Em 2025, com o enredo “Arrepia Boi da Ilha”, sobre o intérprete Quinho, a escola deixou a Série Prata em direção à Série Bronze. O descenso, no entanto, não abalou a agremiação, que, desde 2020, após dois anos suspensa, venceu dois Carnavais na Intendente.

“O presidente Marcelo, junto com o diretor de Carnaval, Dimas, está dando condições bacanas, um bom suporte para a gente fazer um Carnaval espetacular e voltar à Série Prata”, declarou Cuca.

Em termos concretos, o Boi da Ilha investe em três alegorias para 2026, além de fantasias bem acabadas.

“É um enredo que permite que a gente trabalhe muito bem as cores, a volumetria das fantasias. Quando a gente fez essa dupla, pensamos logo em fantasias coloridas e volumosas, abusando da criatividade para que as pessoas, conforme a escola vem vindo, consigam identificar o tapete cromático, as alas”, explicou Felipe.

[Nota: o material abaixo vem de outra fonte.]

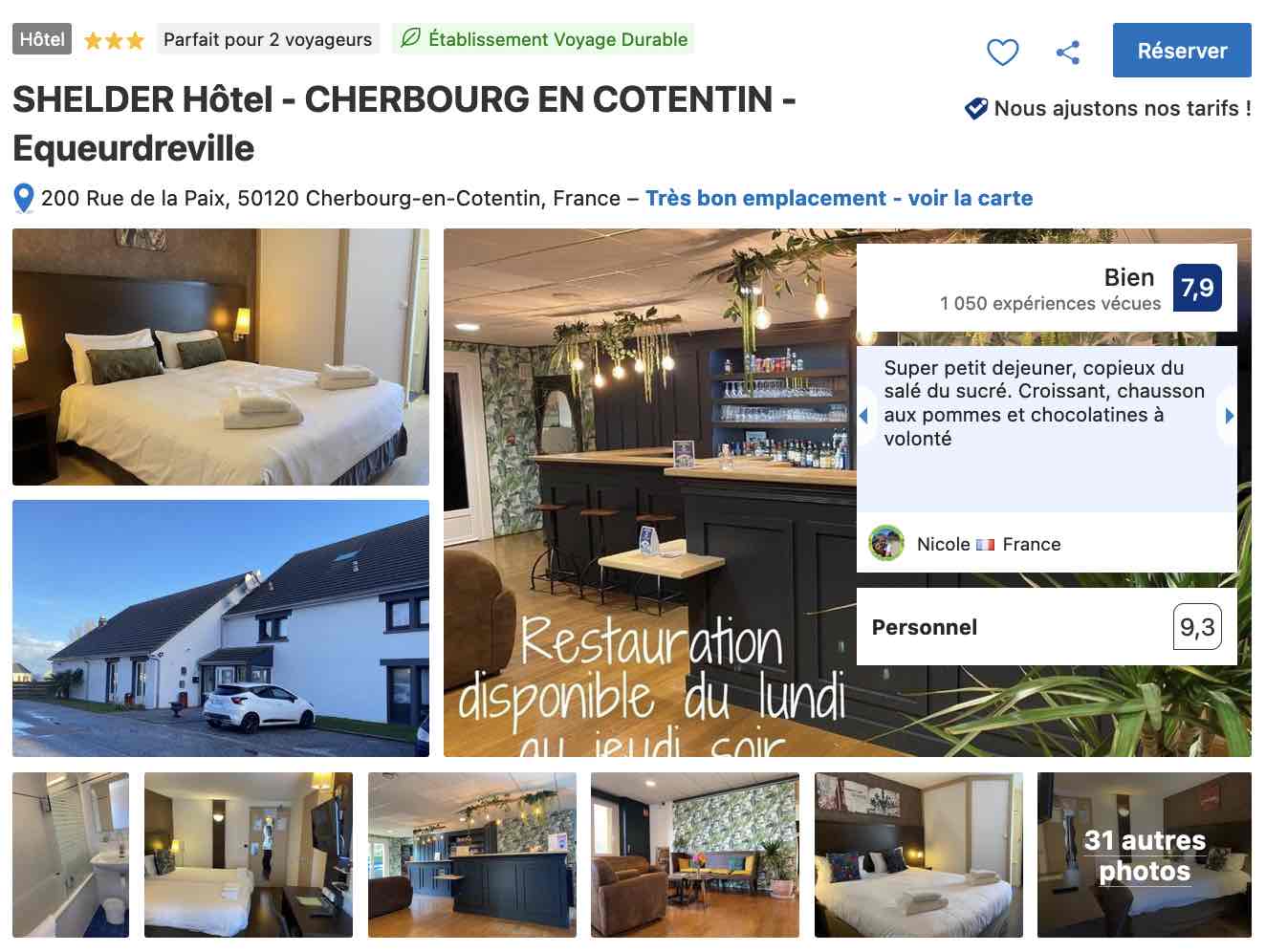 Légèrement en retrait de la ville, pour un calme plus relatif loin de l’agitation du centre, je vous recommande également l’hôtel Shelder sur la commune d’Equeurdreville. Les plages sont à moins d’une dizaine de minutes à pied et vous trouvez un centre aquatique à seulement deux petits kilomètres.

Para isso, no entanto, será preciso driblar as dificuldades que a Intendente apresenta, sobretudo em questão de estrutura, repasse de verbas e reciclagem de materiais.

“Trabalhar na Intendente exige muito do pensamento crítico para a criatividade. É você olhar alguma coisa e falar: ‘Nossa, aquilo dali, eu tenho uma quantidade boa, tenho uma volumetria boa. Posso usar aquilo ali em alguma área, em alguma composição, em algum carro. Nada se perde quando a gente fala da Intendente Magalhães. Tudo a gente cria, recria e transforma’”, apontou Felipe.

Cuca concorda, mas ressalta: “A Intendente é um Carnaval raiz. É o Carnaval do povão, como dizem, porque o público está próximo e realmente vê a dificuldade que levamos para fazer um grande Carnaval. Ali é onde pulsa o público. Quando passa a escola, a energia do público já diz o resultado do seu trabalho. Você que curtiu o Carnaval de 2001, você que desfilou, venha reviver esse momento, porque é um momento grandioso, de muita esperança, de muita vontade de vencer. Queremos fazer novamente história. Assim como fizemos em 2001, faremos em 2026”, finalizou.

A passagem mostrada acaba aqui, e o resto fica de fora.